## What is being asked
Leave the pictures out and write out the rest of the listing word for word.

======== Input data ========

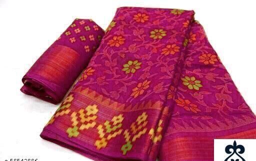 Name: Brasso Cotton Blend Pink Brocade Saree With Blouse
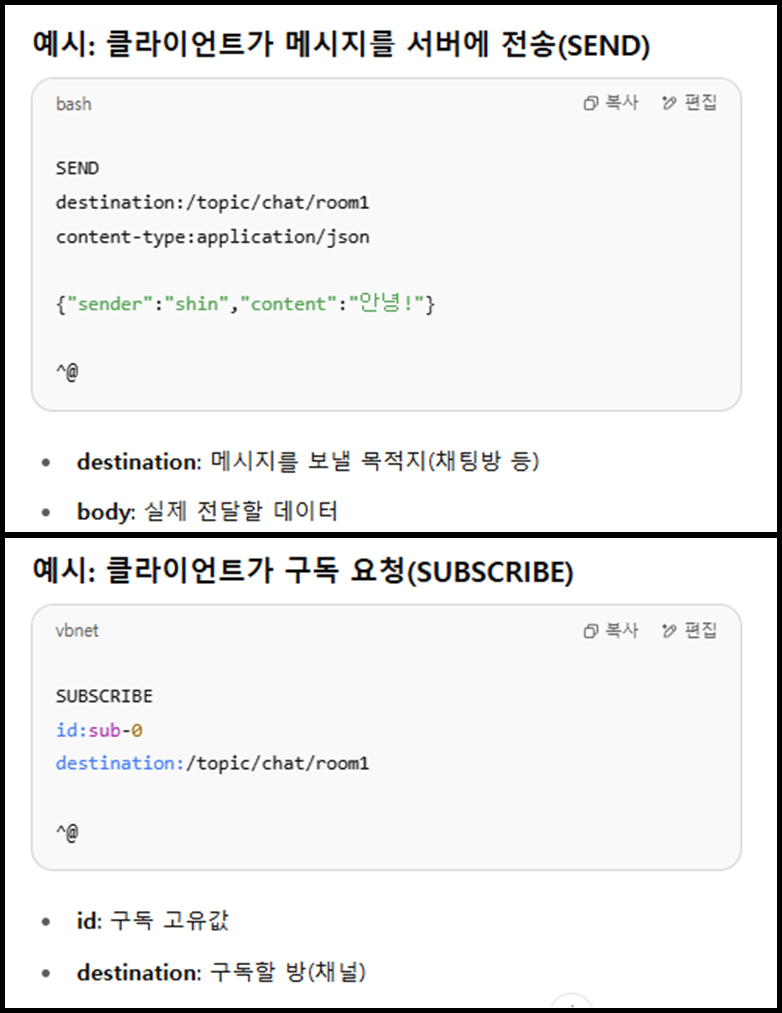 -1:1 채팅방, 1:N 그룹방, 토픽별 알림 등을 STOMP는 경로만 바꾸면 적용 가능.
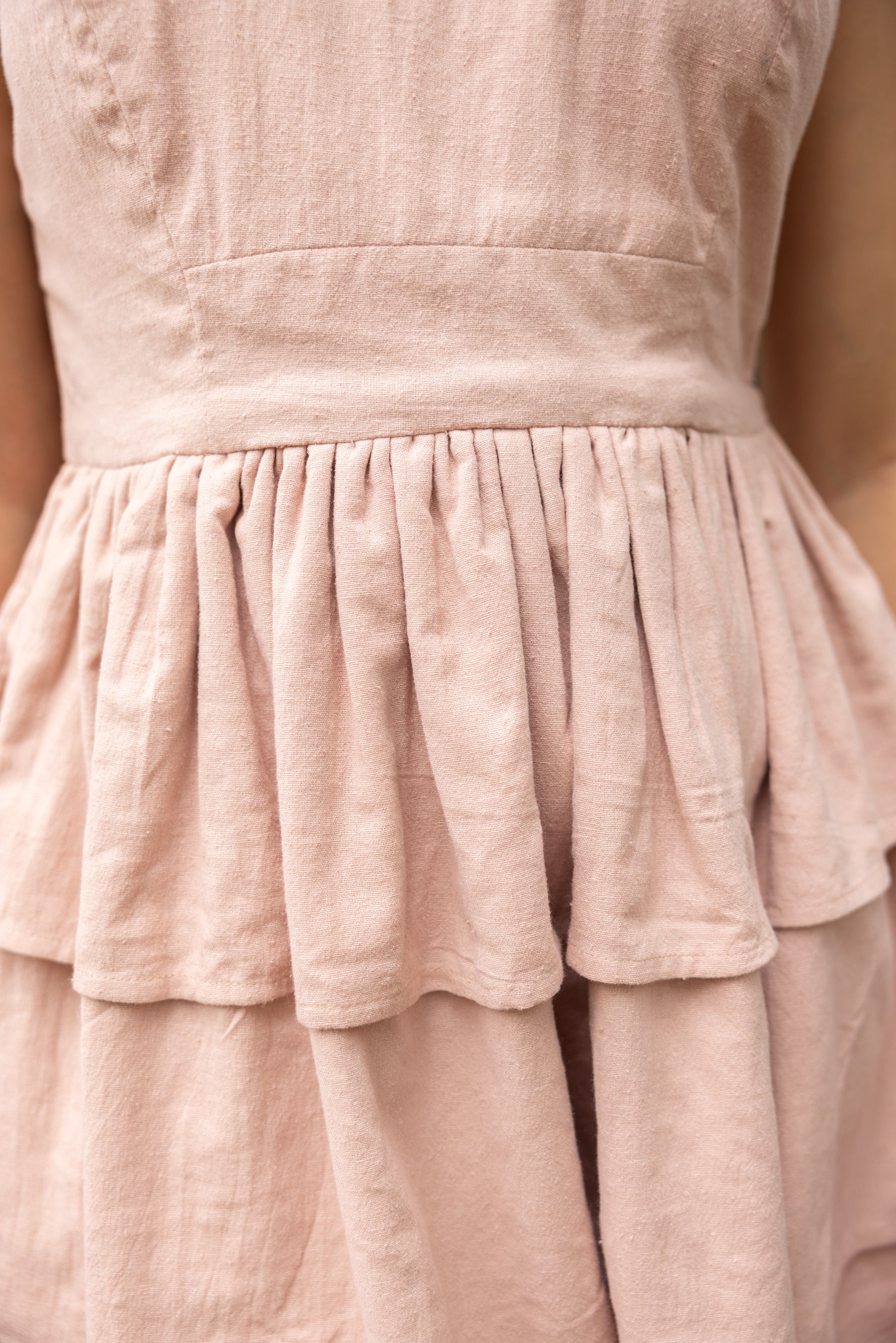 A comfortable fit Azo free Dyed, kala cotton fabric, sleeve less, three tier flared hem with one side pocket giving an elegant look and making it perfect for summer & monsoon season.
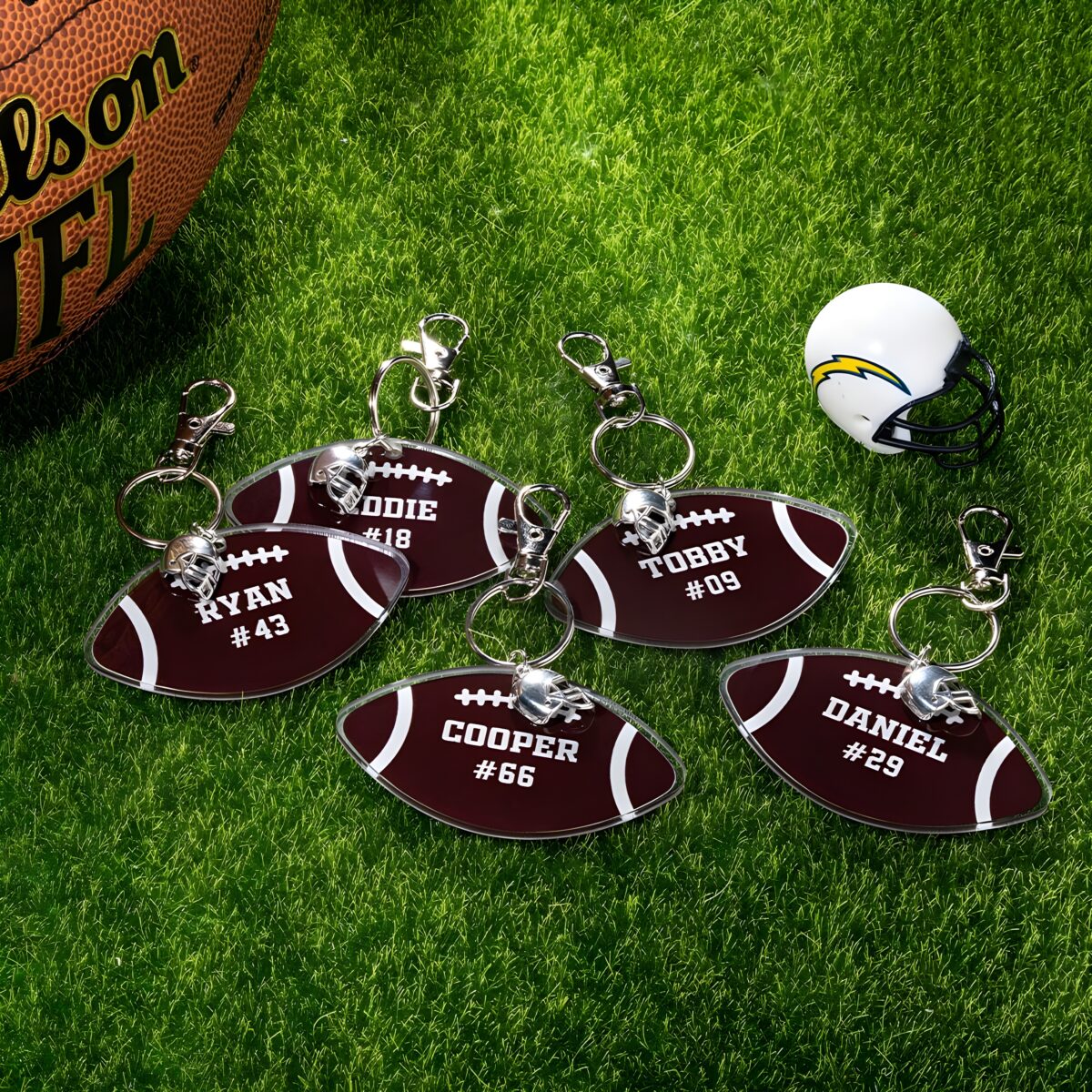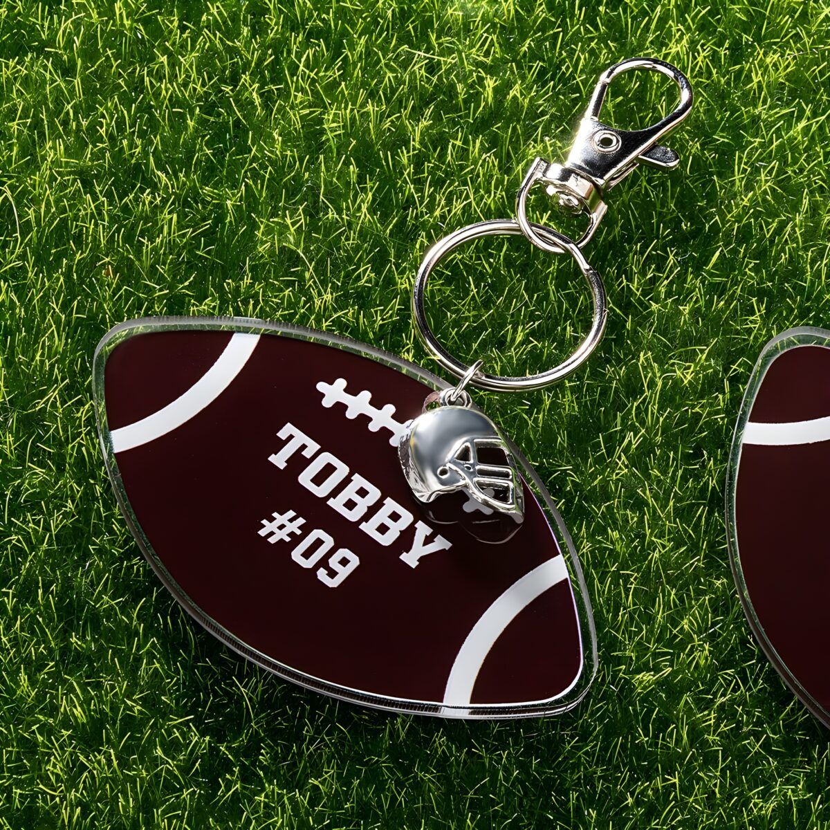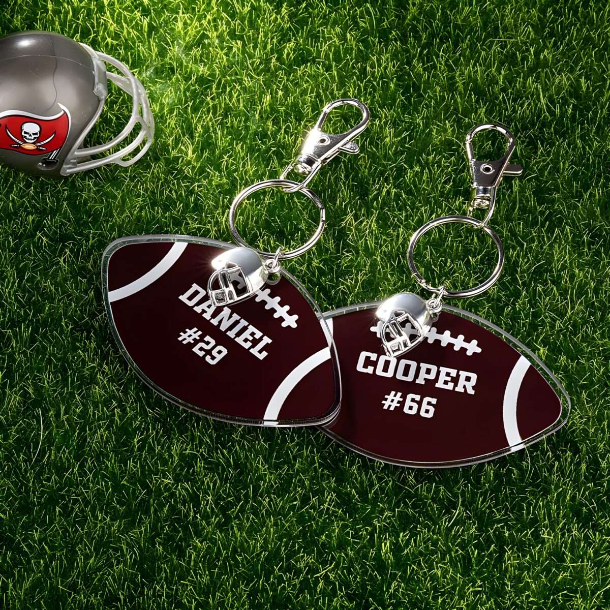 • 💖 Personalized Touch – Customize each keychain with a name and number that tells your unique football story.

========

## Worked solution
 Name: Brasso Cotton Blend Pink Brocade Saree With Blouse
 -1:1 채팅방, 1:N 그룹방, 토픽별 알림 등을 STOMP는 경로만 바꾸면 적용 가능.
 A comfortable fit Azo free Dyed, kala cotton fabric, sleeve less, three tier flared hem with one side pocket giving an elegant look and making it perfect for summer & monsoon season.
 • 💖 Personalized Touch – Customize each keychain with a name and number that tells your unique football story.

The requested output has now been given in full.